PREVIEW: The Lute: Cai BoJie (Chinese Opera)

FREE performance of traditional Chinese Kun Opera. I attached a link with more description and the RSVP to claim free tickets. The show is Saturday, April 13, 2019, 7-9:30pm, at the Michigan Theater. The Suzhou Kunqu Opera Theater of Jiangsu Province, China is coming all the way to Ann Arbor for this performance.

I cannot stress how special this event is. This is probably your only chance to see a traditional Chinese opera show if you don’t actually go to China. Even if you go to China, it is hard and expensive to see a show of this quality. This is the Confucius Institutes last event before they leave U of M, which is why it is so spectacular.

http://www.confucius.umich.edu/event-details/the_lute/ (Link for free tickets)

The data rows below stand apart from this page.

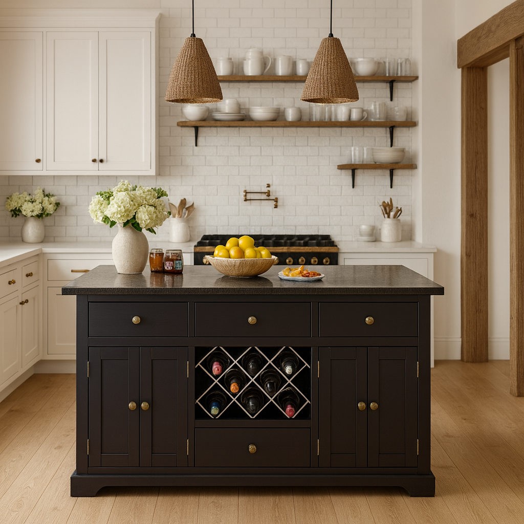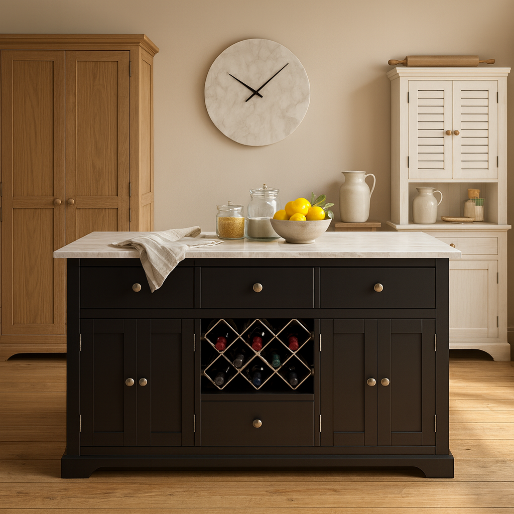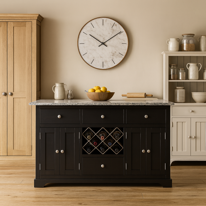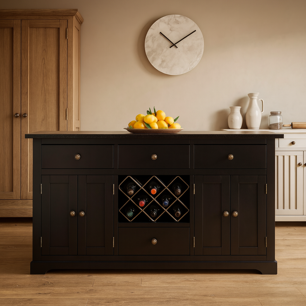 The Windham Black Painted Large Kitchen Island is a bold yet timeless centrepiece, designed for modern family living. With a choice of stylish worktops and customisable features, it’s ideal for food prep, casual dining, and keeping your kitchen beautifully organised.
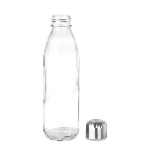 Sklenená fľaša na pitie, objem 650ml, nerezové viečko.
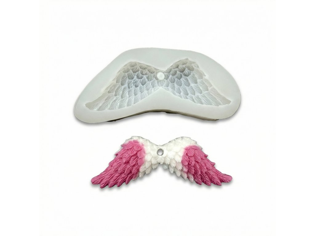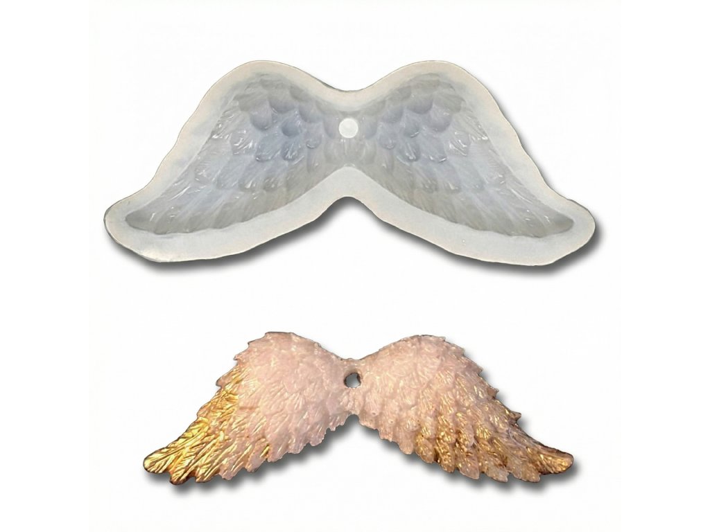 Silikónová forma na výrobu závesných anjelských krídel z epoxidovej živice. Anjelské krídla môžete zavesiť na stuhu a premeniť ich na vianočnú dekoráciu. Pomocou našich šperkových komponentov si z nich môžete vyrobiť aj krásny prívesok na kľúče.
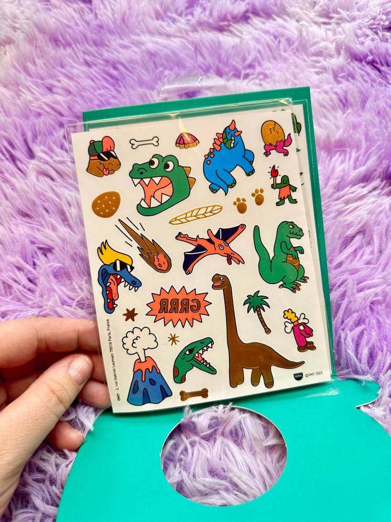 leuke dino stickers, inhoud: 75 leuke sticker, 6 leuke landschappen, 2 sticker puzzels en nog 2 dino's
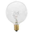 60 Watt G16 1/2 Incandescent; Clear; 2500 Average rated hours; 642 Lumens; Candelabra base; 130 Volt; Shatter Proof
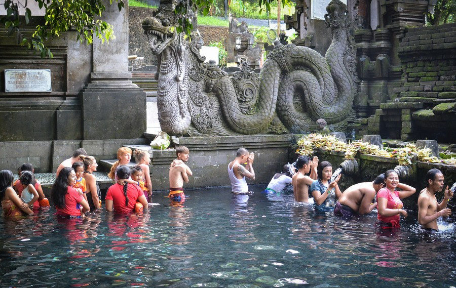 Храм Тирта Эмпул со святым источником — в числе самых почитаемых балийских храмов. Название в буквальном переводе значит: «Храм священной воды». История Тирта Эмпул насчитывает более тысячелетия. Местные жители совершают подношения и поклоняются живительным водам источника Тирта Эмпул как святыне. В окрестностях — три просторных бассейна для целебных омовений и душевного очищения. Недалеко от Тирта Эмпул — древние скальные пещеры и храм Гунунг Кави.

PREVIEW: Chamber Jazz Ensembles

Be sure to make it out for tonight’s performance of the school’s chamber jazz ensembles. The performance is at 8pm in the Stamps Auditorium of the Walgreen Drama Center. The event is totally free as one of the School of Music, Theatre, and Dance’s over 900 annual shows. The college offers many different opportunities students and faculty from both within SMTD and without to participate in chamber ensembles of various size, genre, and difficulty level.
I’m excited to go to this performance as an amateur jazz lover always looking to expand my knowledge and taste in jazz. I’m hoping for there to be a big band style ensemble as I’m hoping to branch out a bit from my typical taste in jazz which is mostly smaller ensembles from around the 1950s. Most of my experience with modern jazz has been Kenny G or the horrible “watercolors” smooth, elevator jazz station my parents love, so my impression of jazz after the 1960s is generally abysmal. I know that there has to be good modern jazz out there though so hopefully this performance will be a step in the right direction and introduce me to some new sounds and composers.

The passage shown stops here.